Start with e=mc2. This has been accurately measured as true.

First of all notice the c (speed of light [speed of the universe]) in there.

People always talk about how things get heavier when they go faster, so why is
that? It's not a magical property of the universe, it's simply e=mc2

As you go faster, you have more energy. Since you have more energy you are
heavier. Now if you want to go even faster you also have to accelerate that
extra mass (energy) as well, so you need even more energy.

Do that over and over and you get the famous relativity equations. You find
that as you get closer to c your mass goes to infinity.

This is probably not enough to convince you, but I'm not done.

This formula was not discovered first, and then relativity from it. It was the
reverse.

It started from noticing that no matter how fast a distant star was moving
(two binary stars orbiting each other), the light always moved at the same
speed.

Start with that assumption, and create rational formulas to explain how that
could work. They are called the Lorenz transform.

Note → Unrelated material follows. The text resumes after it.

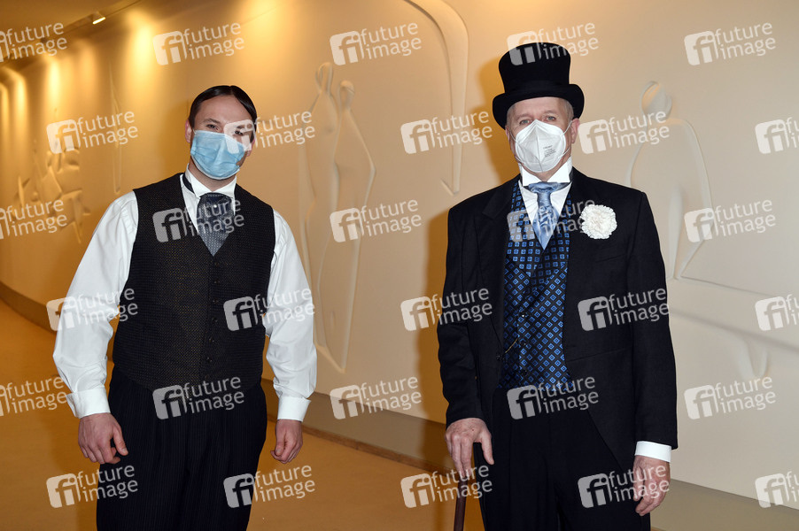 Lorris Andre Blazejewski und Peer Martiny beim Fototermin mit dem (getesteten) Ensemble des Theaterstücks 'Vorhang auf für Cyrano' in Maske und Kostüm vor dem Testzentrum im Schiller Theater. Unter dem Motto 'Testen statt spielen' eröffnen die Komödie am Kurfürstendamm und der KitKatclub ein gemeinsames Testzentrum im Schiller Theater. Berlin, 07.04.2021

Calculate what happens to mass as it undergoes the Lorenz transform and e=mc2
falls out of the equations.

If there was a faster speed possible the Lorenz transforms would work
differently, and e=mc2 would be different - but we know e=mc2 is correct. And
we've also measured parts of the Lorenz transform as correct.

Look for the book: Relativity, the special and the general theory: a popular
exposition by Albert Einstein. Sunheading: A clear explanation that anyone can
understand.

The whole set of formulas is very self consistent, if any one part was wrong
(and we tested many parts) the rest would be wrong too.

The final question is, ok you can't send matter faster than light, but how do
we know you can send a message faster than light? It's because information has
an energy content. Each bit of information is equal to a small amount of
energy. So if you send information, you are sending energy.

As a side note, tricks _might_ be possible, i.e. don't take the long route
through space, but take a short cut. This could work if the universe is curved
(curved in 4d), but current thinking is that the universe is flat. In the book
I recommended Einstein talks about how to measure if the universe is curved or
flat. (For a 3d example it's going through the earth, instead of on the
surface.)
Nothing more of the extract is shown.